Хотя в эссе 1923 года Эренбург признался в любви к Берлину, его видение города, по сути дела, мало чем отличалось от видения Шкловского:
Берлин уныл, однообразен и лишен couleur locale. <…> Трудно разобраться в длинных прямых улицах, одна точная копия другой. Можно идти час, два – и увидеть то же самое. <…> Это – выставка, громадный макет, приснившийся план[34].
В книге «Душа Петербурга» Николай Анциферов замечает, что «город открывает свое лицо только тому, кто хоть ненадолго побывал его гражданином, приобщился к его жизни, таким образом сделался частицей этого сложного целого»[35]. Отказ (или неспособность) русских в Берлине увидеть разницу между улицами, домами, жильцами этих домов выдает их «вненаходимость», их отказ (или, опять же, неспособность) стать частью многоликого целого этого города. Немецкий Берлин, увиденный глазами большинства русских писателей, неизменно остается чужим, враждебным, непонятным и недоступным. Они, как лирический герой «Берлинского» у Ходасевича, отгорожены от жизни города «толстым и огромным отполированным стеклом»[36].

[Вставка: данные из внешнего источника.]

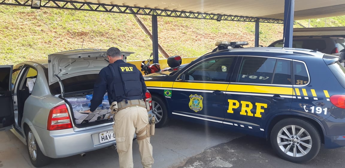 Assim que foram abordados, os policiais perceberam um volume de mercadorias no banco de trás do veículo, coberto com um pano preto, a fim de tentar ludibriar uma fiscalização.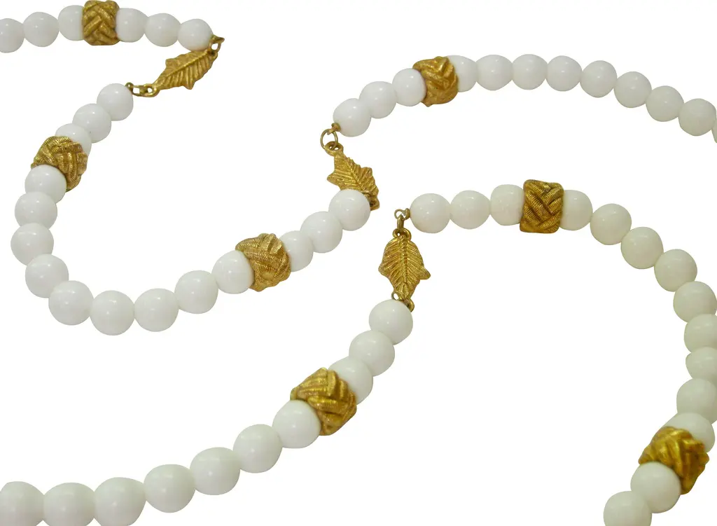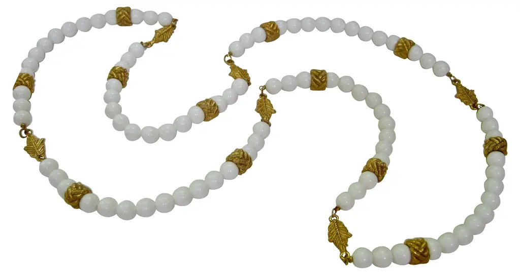 Vintage milk glass and carved goldtone metal leaf-motif beaded necklace. No clasp. From a private collection, never worn. Attributed to Givenchy. Unsigned.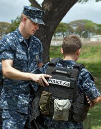 | Keywords: Demonstration of daily operations 130413-N-WF272-198.jpg en U S Navy Master-at-Arms 3rd Class Conrad Schonacher left with a military police working dog unit helps a child with Battleship Missouri Division-Hawaii U S Navy League Cadet Corps put on a protective vest April 13 2013 at Ford Island Joint Base Pearl Harbor-Hickam Hawaii Masters-at-arms assigned to security forces harbor patrol and military police working dog units provided demonstrations of their daily operations U S Navy photo by Mass Communication Specialist 3rd Class Diana Quinlan/Released 2013-04-13 Petty Officer 3rd Class Diana Quinlan https //www dvidshub net/image/910291 130413-N-WF272-198 2013-04-19 05 38 JOINT BASE PEARL HARBOR-HICKAM HI US PD-USGov-Military-Navy 2013 in Pearl Harbor People at Joint Base Pearl Harbor-Hickam Images from DoD uploaded by Fæ |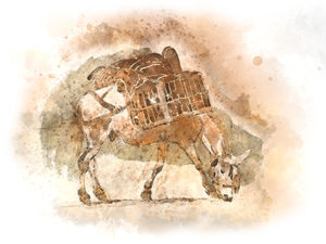 1877 – Os tropeiros usam mulas para transportar as mercadorias nas trilhas abertas entre vales, montanhas, à beira de penhascos.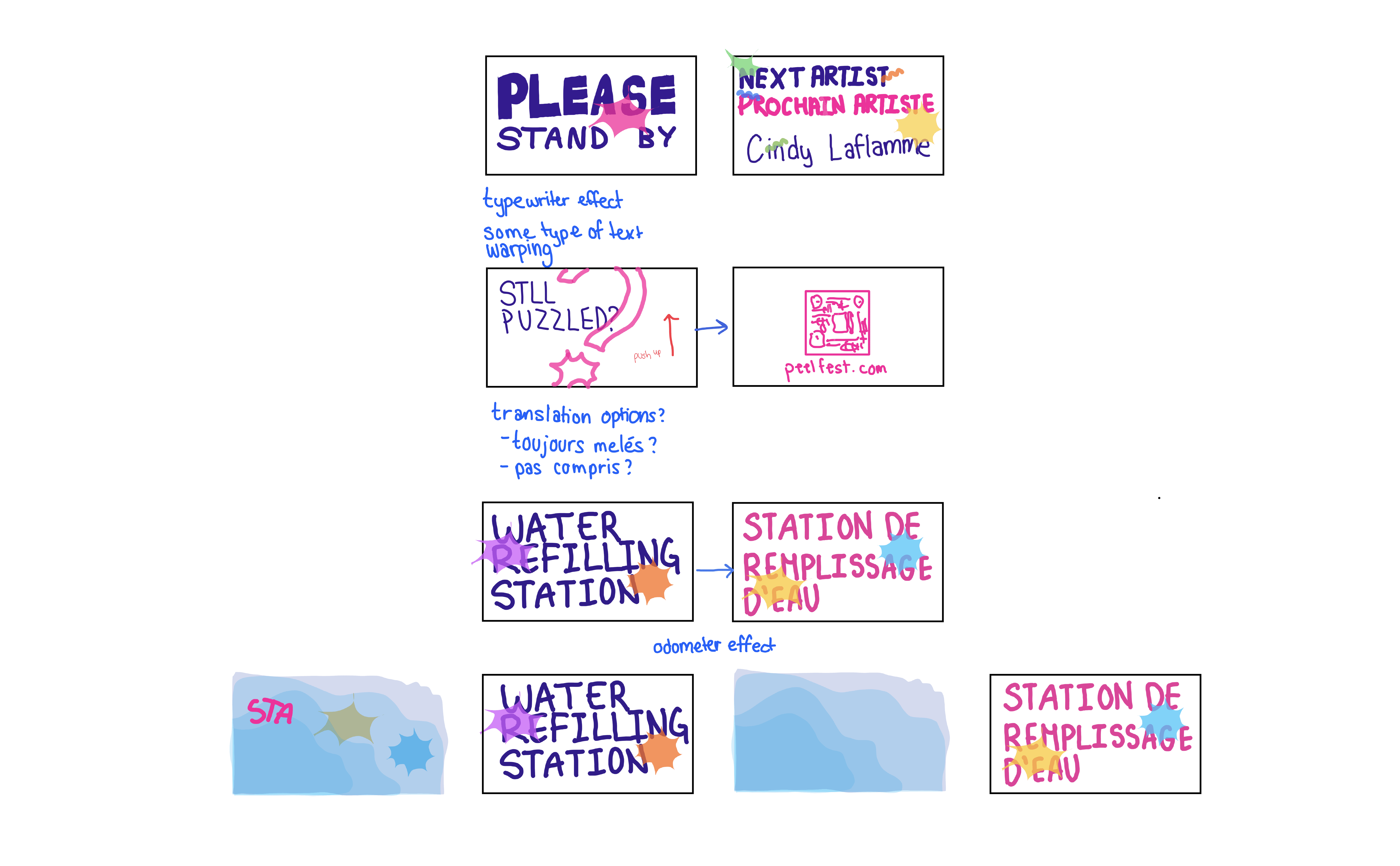 Blue and pink, a contrast representing the duality of the festival rather than the two peak times of the events (day, night). Although commonly associated with gender, I wanted to take a spin of the common attributes related to pink and blue and make them work together.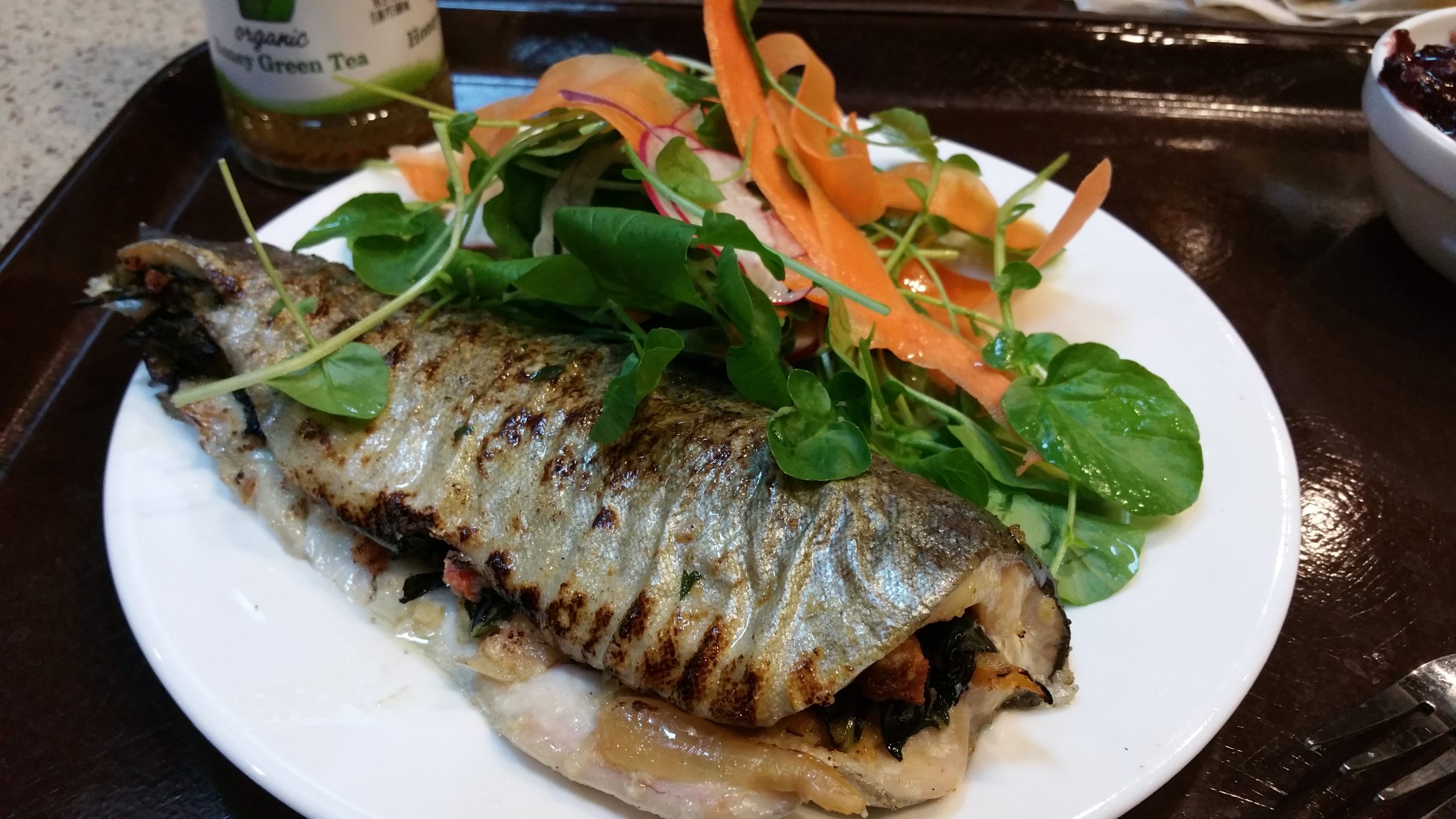 On my visit, the lines were longest at the Agricultural South and Creole Coast stations. This is no surprise because southern/soul food and Creole/cajun food are well-recognized cuisines. I was drawn to the Western Range station because it specifically showcased food that was representative of my native Colorado. I ended up ordering the Pan Roast Rainbow Trout served with cornbread and mustard green stuffing and hazelnut brown butter. For dessert I got a berry and (Colorado) peach crisp. Both dishes were AMAZING!

Сравнение домов с чемоданами у Шкловского также симптоматично: внутренняя жизнь чужого города остается скрытой от стороннего созерцателя, как вещи в некоем запертом контейнере или помещении. Подобные образы иногда появляются и в стихах молодых берлинских поэтов. Так, для Юрия Джанумова Берлин – это «неприютный, громоздкий, / Огромный пакгауз»[37], а Михаил Горлин сравнивает дома в городе с «несгораемыми шкафами», которые стоят «в пустых коридорах улиц»[38].
Попытки открыть для себя город и приобщиться к его внутренней жизни делались редко и, как правило, ни к чему не приводили. Если такие западные гости Берлина, как Ишервуд или герои его «берлинских» повестей и романов, проходили инициацию через сексуальные контакты с автохтонами обоего пола, русские писатели либо игнорировали рискованные темы, либо резко осуждали буржуазный разврат. Правда, некоторые из них упоминают пресловутых берлинских проституток, но при этом смотрят на них с безопасного расстояния, без всякого вожделения. Женщины, описанные ими, обычно настолько стары и безобразны, что способны вызвать лишь отвращение. «В этот час на Фридрихштрассе проститутки шли густыми толпами, – писал Алексей Толстой в рассказе „Черная пятница“. – Их было столько, что исчезало даже любопытство к этим промокшим женщинам с бумажными розами на шляпах или просто на животе». Русского героя рассказа зазывает «плечистая и костлявая женщина, лет сорока», которая принимается «хмыкать, вытягивая губы трубкой, хихикать», так что он в страхе пятится от нее[39].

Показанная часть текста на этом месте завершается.